Ohloh’s KudoRank

by Marty Alchin on November 8, 2007 about numbers

Jonathan Buchanan recently joined Ohloh and gave me a Kudo and I noticed something fascinating: my KudoRank jumped about 88% all at once. Needless to say, that struck me as a little … odd.

So I checked their documentation, and checked it against the situation. Their rules line up as follows:

  1. The more Kudos you receive, the higher your KudoRank becomes.

    This was my first Kudo, so clearly this didn’t come into play.

  2. Your influence increases as your KudoRank improves.

    This would refer to Jonathan’s KudoRank, since it would be his opinion that’s affecting my rank. He had no Kudos initially, but I gave him one fairly quickly, so that probably affected the importance of his Kudo for me. Still, I can’t imagine one Kudo would have much impact.

  3. Giving away more Kudos dilutes your opinion.

    This I can see. Given that I’m Jonathan’s only Kudo so far, his opinion obviously hasn’t been diluted.

  4. Stacks improve KudoRank.

    I admit, I do have a few applications listed on Ohloh, but Jonathan is the only one other than myself who has stacked any of them, and he only did so for one of them. Again, I can’t see this doing much.
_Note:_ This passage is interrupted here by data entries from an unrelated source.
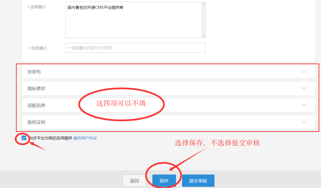 带*星号的都要填写,其它就不用理他。最后选择保存即可。不用提交审核。提交审核是为了上架腾讯的安卓应用市场 。想要上架应用市场要求很高,要填写与上传的资料很多。所以不用提交审核。只需要保存,就可以使用登录接口了。.
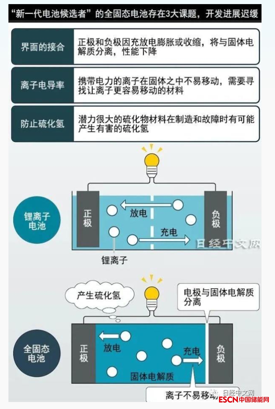 不過,《日經(jīng)中文網(wǎng)》在一篇最新的文章中最新指出,全固態(tài)電池最初被期待在2020年代前半期就搭載于純電動汽車,但開發(fā)速度緩慢,目前看來,其量產(chǎn)仍然需要邁過三道難關(guān)。
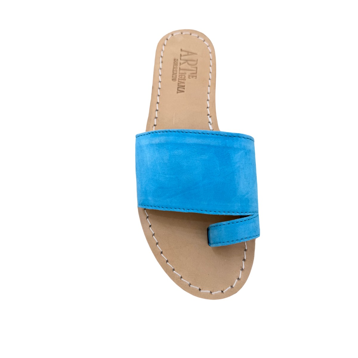 Il nostro sandalo infradito in camoscio turchese cattura l'essenza cromatica del Mar Tirreno. Ogni paio è prodotto direttamente da noi, custodi della secolare tradizione dei nostri laboratori e negozi di Sorrento. La linea pulita ed essenziale mette in risalto questa sfumatura cristallina, offrendo una sensazione di freschezza ed eleganza mediterranea.
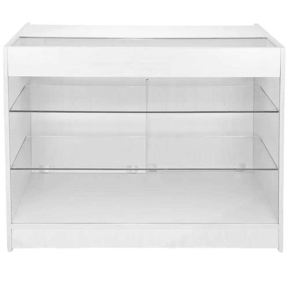 Bancone Espositore 120x90x60 cm per Negozio con Vetrina Ripiani in Vetro Bianco Brillante
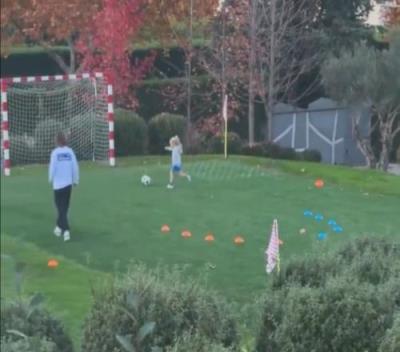 格列兹曼的妻子埃里卡-乔佩雷纳在社媒上分享了一段温馨视频,展示了格列兹曼在家中花园指导孩子踢球的画面。
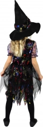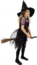The costume includes a perfectly matched witch hat and a skirt with an original design.
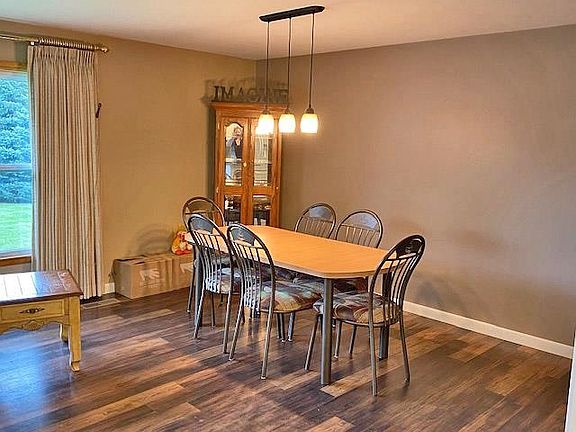 Move in Ready 4 BR 3BA ranch style home. Main level features an open concept kitchen, dining and living room with fireplace. A main level family room with patio doors leading to a covered patio with a lovely view. 3 BR's on the main level w/full bath and master suite. Basement has another bedroom and 3/4 bath, large rec room with plank flooring, & laundry/storage room. 2 car attached garage and small building in the back. No maintenance exterior w/LP siding & seamless gutters. Underground sprinklers.

Now, don’t get me wrong, I actually like the guidelines they’ve listed above. They obviously put a lot of thought into trying to approximate, using code, the human dynamics of personal recomendations. The opinions of important people generally are taken more seriously than those of the lesser-known, and someone who’s stringy with praise will find that praise to me more influential than that of others. But they neglected to take into account something else, and it illustrates a bigger problem.

This post confirms my suspicions, showing that it was indeed the third rule above that caused the sudden increase. Because Jonathan hadn’t thrown Kudos out all over the place, his opinion is considered of highest importance. The problem is, his account was brand new, so he hasn’t yet had a chance to spread Kudos around. It’d be like a new guy at the office pitching his fist idea, and the CEO immediately running with it, because he didn’t have a record of pitching a billion nonsense ideas.

The trick here is to take time into account as well. The longer someone is a member, the more important their lack of Kudo activity should become. That way, users have to prove that they’re careful about their opinions before those opinions are given added weight. One simple — yet somewhat naïve — approach would be to give everybody a base weight when they join, and increase that weight each day (hour, week, whatever) that goes by without any new kudos. This would reward those who are consisently careful, without giving undue weight to just joined and don’t have a proven track record.

Now, I know I mentioned Jonathan several times here, but it has nothing to do with him at all, really; he just happened to give me a Kudo, which exposed the problem. I regard his opinion highly, but I wouldn’t expect Ohloh to do the same; at least, not yet.

The bigger problem at work here, though, is what happens when people try to use code to approximate human behavior. It’s easy to look at a few things and assume it’ll do a decent job, but it’s really hard to get it right. I won’t pretend to have all the answers, but it seems to me like Ohloh missed a very simple point in their KudoRank calculations. They seem relatively open to suggestions though, so maybe my comment on that thread ont he topic will come to something.

This area is something I find very interesting, and I’ll probably be writing about it in the future.